Jak stwierdził na antenie telewizji W Polsce 24 prezydent Andrzej Duda, „mamy dzisiaj sytuację, w której praworządność jest łamana w sposób najbardziej drastyczny odkąd pamięta po 1989 roku”.
– Takiego łamania – bezczelnego i brutalnego – prawa i konstytucji nie było nigdy. Oczywiście – Polacy byli przez liberalno-lewicowe media miażdżeni informacjami o tym, jak to prawo było łamane przez poprzednie osiem lat. Tylko prawo w żadnym stopniu nie było wtedy łamane – było legalnie ustanawiane przez legalnie wybrane władze, zgodnie ze wszystkimi procedurami – stwierdził. – Po drugie – wrzaski środowisk sędziowskich czy największych koryfeuszy nauk prawnych o tym, że coś jest niezgodne z konstytucją, nic nie znaczą w sensie prawnym. Coś jest albo nie jest zgodne z konstytucją dopiero wtedy, kiedy stwierdzi to TK – dodał prezydent.
Andrzej Duda: Będzie bardzo trudno przywrócić stan normalności
– Po wyborach w 2015 roku ci, którzy te wybory przegrali i zostali skarceni przez polskie społeczeństwo, nie uznawali werdyktu wyborów – stwierdził Duda. – Oni uważali, że demokracja jest tylko wtedy, kiedy oni wygrywają wybory. Ludzie wyrwani granatem z komuny – podkreślił.
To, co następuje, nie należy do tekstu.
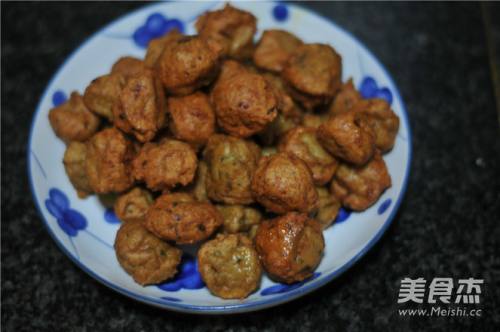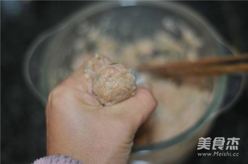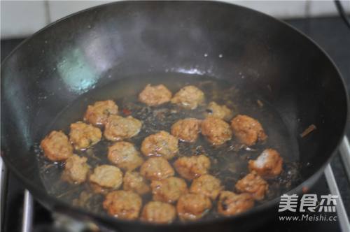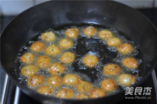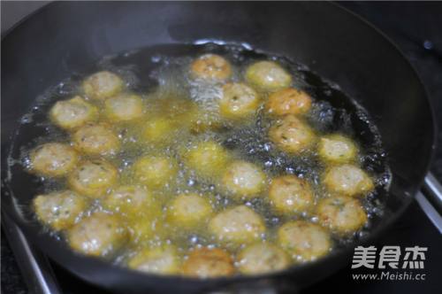 8锅中倒油,温热下丸子,保持中火,将丸子一个个放入烧热的油锅

Zdaniem Andrzeja Dudy, „będzie bardzo trudno przywrócić stan normalności”. – Będzie to trudne w sytuacji, gdzie przez całe lata wszelkie ważne elementy, które są immanentnie związane z normalnym funkcjonowaniem państwa demokratycznego, były podważane i deptane. Publiczne i powszechnie – powiedział prezydent. – Jedną z prostych zasad demokracji jest to, że są partie i ludzie idą do wyborów. Obywatele głosują i podejmują decyzję. Nikt nie kwestionuje ostatnich wyborów, ja uznaję ich werdykt, nie mam wątpliwości kto stanowi koalicję rządzącą i nie podważam legitymacji tej koalicji – dodał. – Ale jestem prezydentem i też zostałem wybrany w wyborach powszechnych. Obiecałem, że do samego końca będę realizował moje prezydenckie zadania najlepiej jak potrafię i po prostu to robię – zaznaczył Andrzej Duda.